Ethical Decision Making
The main ethical challenge here for clinicians is balancing the possible risks and benefits for the patient’s consideration, a task that must take into consideration all four of the ethical principles—self-determination (autonomy), beneficence, non-maleficence, and social justice. As with all ethical dilemmas, there are some generalizable precepts for all patients and some specific issues particular to each patient’s condition. Furthermore, in the present debate, the polarity seems to be primarily public opinion versus the medical-scientific community.
Self-Determination: Proponents of RTT posit that the federal regulations (FDA) and requirements for the patient and physician that were in place until recently have been excessively burdensome, and response time has been so long, that near-terminal patients who are seeking the opportunity to participate in a non-clinical trial have died before a decision was made. Some patients want direct access to the drug manufacturers without onerous governmental oversight, and feel it is their “right.” Opponents believe that there is no given “right” in the laws, because the drug companies have the final decision on providing the drug; therefore, RTT does not provide a guarantee for access to therapy, so patient self-determination may not be fulfilled.
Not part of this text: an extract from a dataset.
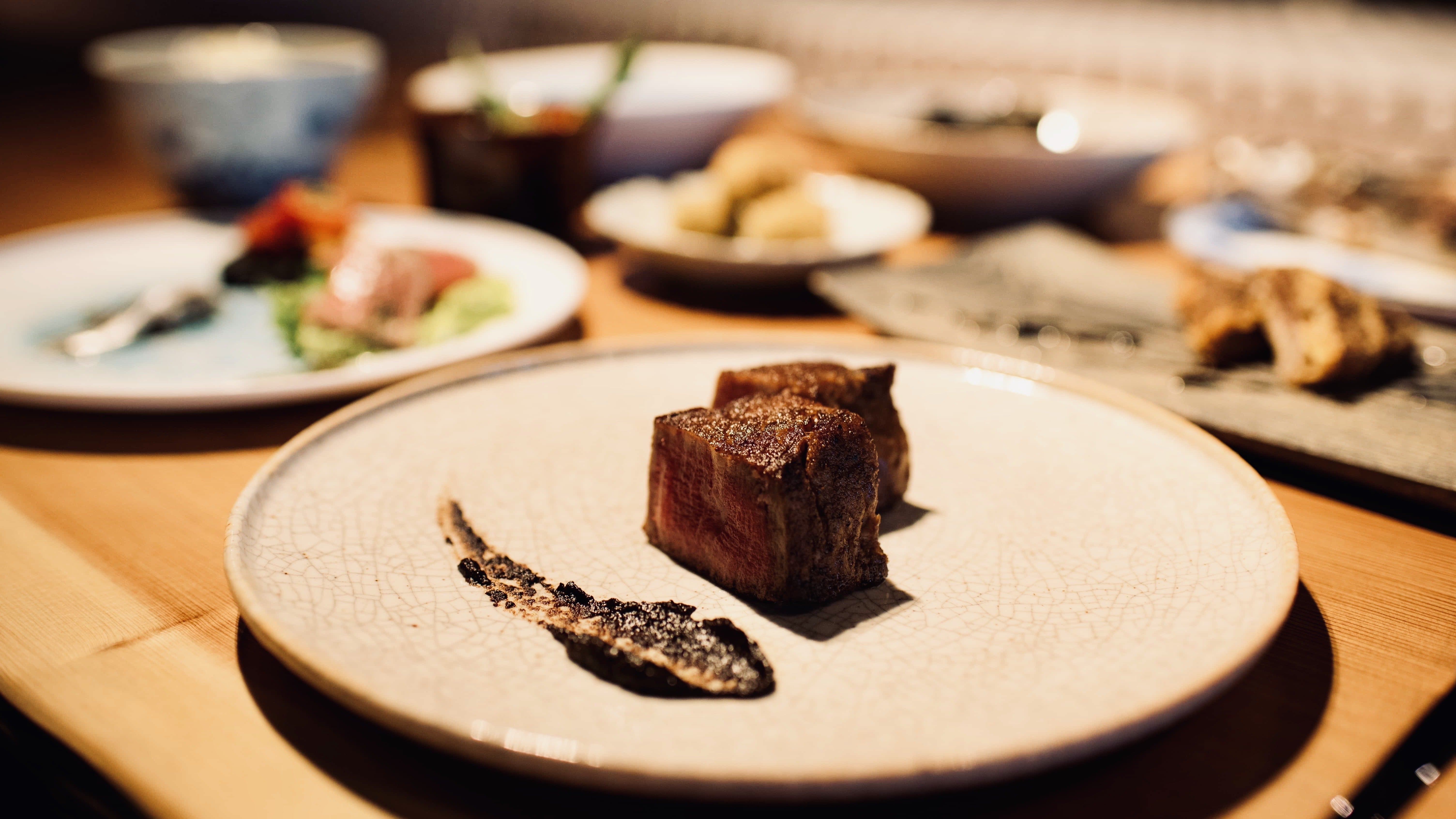 熊野牛をつかったメイン料理(炭塩や黒にんにくソースで)
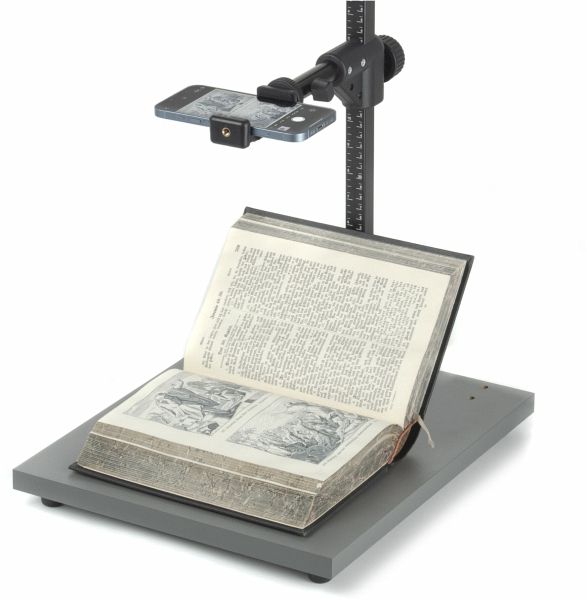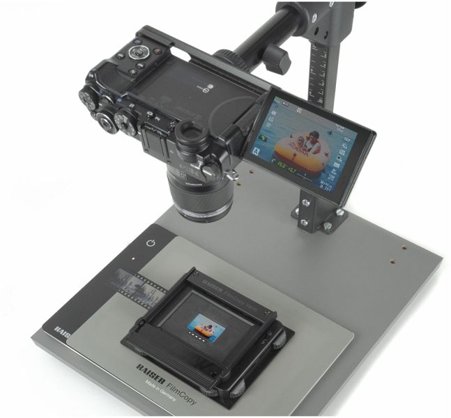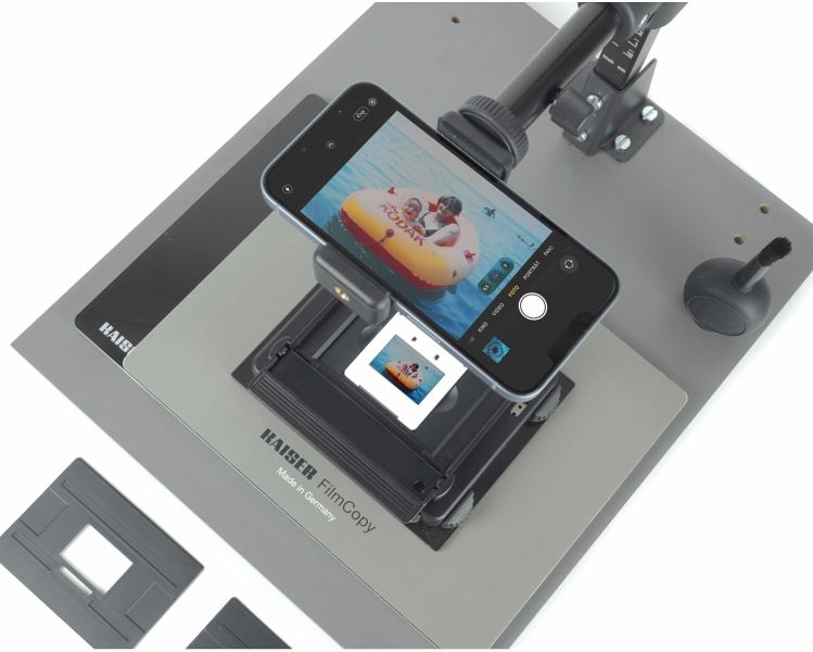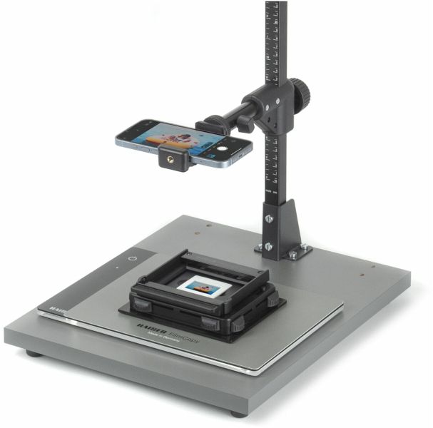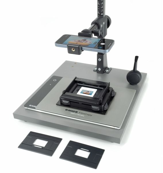 Haltevorrichtung FilmCopy Vario (2457), inkl. Formateinlage für Kleinbild-Dias (4489), Formatmasken 24 x 36 mm (4486) und Auflagematte sowie Leuchtplatte slimlite plano (2453) - Smartphone-Halter (6015)

Beneficence: Even with therapeutics that have passed FDA approval, there are always questions about benefits, especially for drugs given in terminal stages of a serious disease. Because the treating physician must bear the responsibility for assessing what is known about a drug or other therapy that may have only completed a Phase I trial, the clinician may be at a disadvantage when it comes to providing adequate information to the patient about potential benefits for their consideration. Early salutary reports from a Phase I study may not be sufficient data to support a patient’s interest in seeking an RTT therapy exception. Even after standard therapy has failed, there are acceptable alternative care methodologies, including hospice and palliative care in a terminal patient. The treating physician must honestly explain the possible benefit(s) to be derived from an experimental therapy that has not yet been approved by the FDA. This is also the case with expanded access programs and single-patient expanded access, although these programs have additional oversight from the FDA for comfort.
Non-Maleficence: Long thought to be the primary responsibility of the physician (“do no harm”), non-maleficence addresses the potential negative effects of experimental drug therapy that the patient needs to consider in an informed consent. All of the potential side effects and complications cannot be known, for those drugs and devices that have only passed Phase I trials and may be in Phase II or III have limited discoverable data on adverse effects, including death. Each terminal or near-terminal patient may have unique organ compromise or risks that could enhance the potential for catastrophic side effects. Explaining this inadequate data effect to a patient and their family can be unsettling for them and stressful for the physician. Additionally, electing to petition for a RTT may disqualify the patient from subsequent hospice or palliative care.